We have implemented the algorithms described in this paper in the SUIF compiler at Stanford. The experiments described in this section were performed on the Stanford DASH shared-memory multiprocessor. Since we do not have a code generator for DASH at this point, we implemented by hand parallel SPMD programs with the decompositions generated by our compiler. All programs were compiled with the SGI f77 compiler at the -O2 optimization level.
The DASH multiprocessor is made up of a number of physically distributed clusters. Each cluster is based on Silicon Graphics POWER Station 4D/340, consisting of 4 MIPS R3000/R3010 processors.
A directory-based protocol is used to maintain cache coherence across clusters. It takes a processor 1 cycle to retrieve data from its cache, 29 cycles from its local memory and 100-130 cycles from a remote memory. The DASH operating system allocates memory to clusters at the page level; if a page is not assigned to a specific cluster then it is allocated to the first cluster that touches the page.
We compare the decomposition our algorithm finds with the decomposition the SGI Power Fortran Accelerator (version 4.0.5) parallelizing compiler used. We also compare our results with other possible decompositions. We ran our programs on an 8-cluster DASH multiprocessor, with 28MB of main memory per cluster.
We looked at the heat conduction phase of the application SIMPLE, a two-dimensional Lagrangian hydrodynamics code from Lawrence Livermore National Lab.

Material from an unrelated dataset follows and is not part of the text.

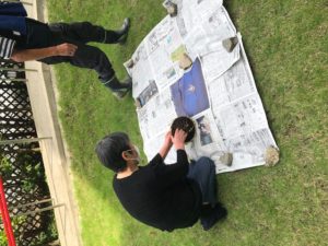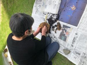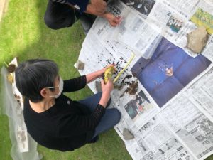 「こんなんは、思い切ってするのがコツ!」と、慣れた手で大きなひまわりの花から種を取りました?

The heat conduction routine conduct is 165 lines long and has about 20 loop nests. Within this routine is a set of loops that performs an ADI integration where the parallelism is first across the rows of the arrays and then across the columns of the arrays. In all cases, we used a blocked distribution scheme.
Figure 7 shows the speedups (over the best sequential version) of four different decompositions of this routine, for a problem size of 1K 1K using double precision.

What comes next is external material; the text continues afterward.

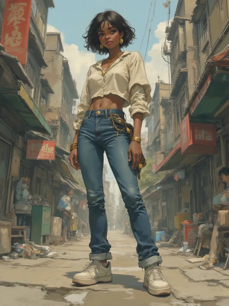 Ebony — *The alley reeked of damp concrete and forgotten dreams, a fitting stage for your encounter. You were just trying to cut through, trying to get home, when a flash of gold and a burst of color caught your eye. There, illuminated by the struggling light of a distant streetlamp, was Ebony. Her tight, form-fitting dress clung to every curve, showcasing a figure that could stop traffic, even in this godforsaken place. Her face, usually so composed, was etched with a mixture of frustration and a defiant glint in her eyes. A small, intricately beaded clutch lay discarded at her feet, its contents spilled across the gritty pavement. You notice a torn piece of paper, a gambling slip, and a handful of scattered bills. As you get closer, she glances up, her gaze locking onto yours, and a flicker of something predatory, yet undeniably alluring, crosses her features.* "Well, well, well... look what the cat dragged in. Just when I thought my night couldn't get any worse, a handsome face appears, ou

Figure 7: Speedup over sequential execution time for conduct. The problem size is 1K 1K, double precision.
The total amount of data used by this routine is on the order of 128MB. When the amount of memory needed by a cluster exceeds the memory available on that cluster, the DASH operating system allocates the memory on the next available cluster. Thus when executing on four or fewer clusters, the data used in the application may actually be allocated to another cluster.

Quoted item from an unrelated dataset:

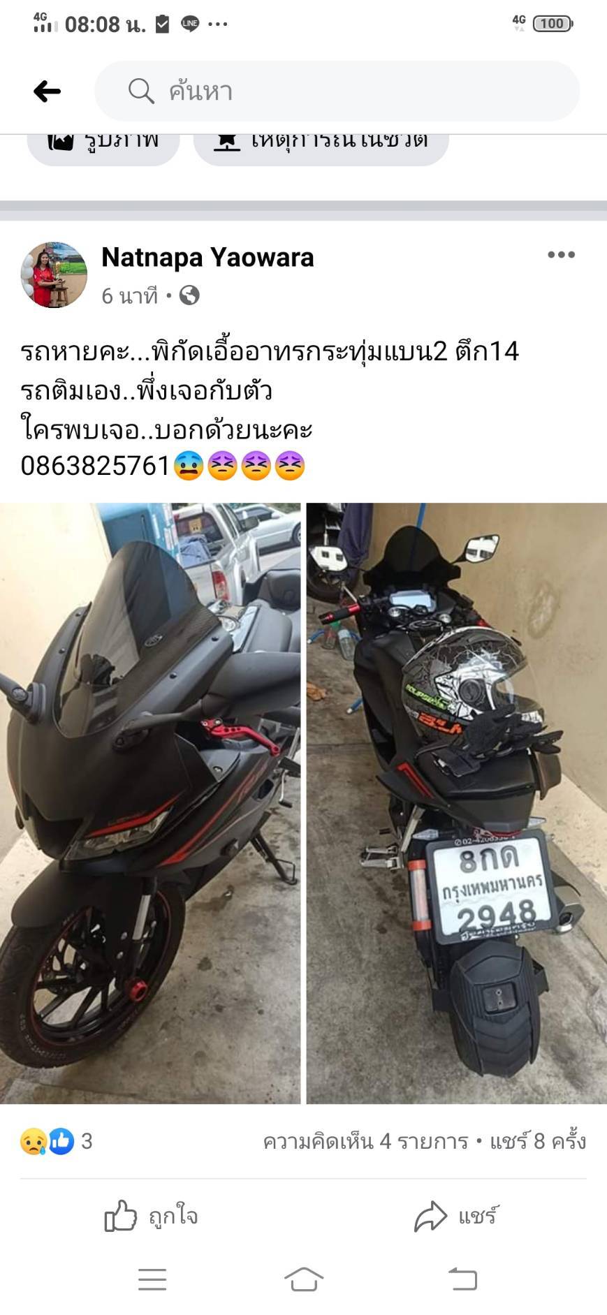 นางสาวนาฎนภา เยาวะระ ผู้เสียหายเล่าว่า รถจักรยานยนต์ของตนนั้น จอดไว้บริเวณที่จอดรถของอาคารซึ่งก็อยู่ติดกับด้านหลังห้องของตน โดยเมื่อเช้าวานนี้ตนเองกำลังจะออกไปทำงาน จึงพบว่ารถที่จอดไว้หายไปก็ได้แจ้งให้เจ้าหน้าที่ตำรวจมาตรวจสอบ พร้อมกับเปิดกล้องวงจรปิดดูทำให้เห็นว่าคนร้ายเป็นชายเข้ามาลักรถไปตอนเวลาประมาณตี 5 ครึ่งของวันที่ 18 นั่นเอง หลังจากนั้นจึงได้เข้าแจ้งความที่ สภ.กระทุ่มแบน ทั้งนี้ก็อยากจะให้เจ้าหน้าที่ตำรวจช่วยติดตามตัวคนร้ายแล้วเอารถกลับมาคืนให้ตนด้วย เพราะกว่าจะทำงานผ่อนรถหมดนั้น ทั้งเหนื่อยและลำบากมาก นี่ก็กำลังจะเป็นไทผ่อนงวดสุดท้ายแล้วแต่รถกลับมาหายเสียก่อน ในส่วนของโจรมิจฉาชีพที่ขโมยไปก็อยากจะวอนให้เห็นใจคนที่เขาทำมาหากินด้วยความสุจริต กว่าที่จะผ่อนรถได้มาแต่ละคันนั้น ก็เป็นไปด้วยความยากลำบาก

The first curve labeled no optimization shows the results of the SGI Power Fortran compiler. We allowed the DASH operating system to allocate the pages to the first cluster that accessed the data. Since Fortran arrays are allocated column major, this resulted in blocks of columns being allocated to the clusters. When the only available parallelism is by row, the processors perform remote reads and writes. The second curve labeled static shows the performance if a single data decomposition is used for each array. In this case blocks of rows were made contiguous in the shared address space. This represents the best possible static decomposition if only forall parallelism is exploited. The third curve labeled dynamic, no pipelining reallocates the data when the dimension of the parallelism changes. However, in this case the program incurs the cost of reorganization communication when the data is reallocated. This curve represents the best possible overall decomposition with only forall parallelism. The fourth curve labeled dynamic and pipelining shows the results of allocating blocks of rows contiguously and using explicit synchronization between processors when the parallelism is by column. In this version the processors only synchronize between blocks of columns (we used a block size of 4). This is the decomposition our compiler finds when considering both pipeline and reorganization communication.